Genomic features of Nostoc sp. strain ATCC 53789

Replicon	Length (bp)	Topology	G+C content (%)	Coverage (×) for:		No. of biosynthetic locia
				Nanopore data	Illumina data
chr	7,340,101	Circular	41.4	298	39	18
pNsp_a	337,072	Circular	41.6	397	54	1
pNsp_b	325,114	Circular	40.9	330	43	1
pNsp_c	219,529	Circular	41.0	314	41	1
pNsp_d	65,222	Linear	41.8	314	62	1
pNsp_e	57,504	Circular	42.5	418	48	0
pNsp_f	56,077	Linear	41.7	528	98	0
pNsp_g	54,032	Circular	42.3	503	70	0
pNsp_h	49,561	Circular	39.6	361	61	0
pNsp_i	40,105	Circular	41.2	663	103	0
pNsp_j	38,437	Circular	41.4	450	94	0
pNsp_k	36,221	Circular	40.7	341	74	0
pNsp_l	34,754	Circular	42.0	349	64	0

According to antiSMASH.

An antiSMASH v5.0.0 (20) analysis revealed a distinctive secondary metabolome comprising 22 loci.

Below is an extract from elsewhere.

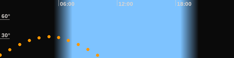 Höchster Stand (Kulmination)05:00 Uhr (h = 33,2°)

Interestingly, the cryptophycin locus (7) resides on plasmid pNsp_c, flanked by transposase genes. Moreover, the analysis indicated that the strain is capable of anabaenopeptin biosynthesis (21).

Data availability.

The annotated nucleotide sequences of the chromosome and the 12 plasmids of Nostoc sp. strain ATCC 53789 have been deposited at GenBank under the accession numbers CP046703, CP046704, CP046705, CP046706, CP046707, CP046708, CP046709, CP046710, CP046711, CP046712, CP046713, CP046714, and CP046715. The raw data are available in the SRA under the accession numbers SRR10969384 and SRR10969385.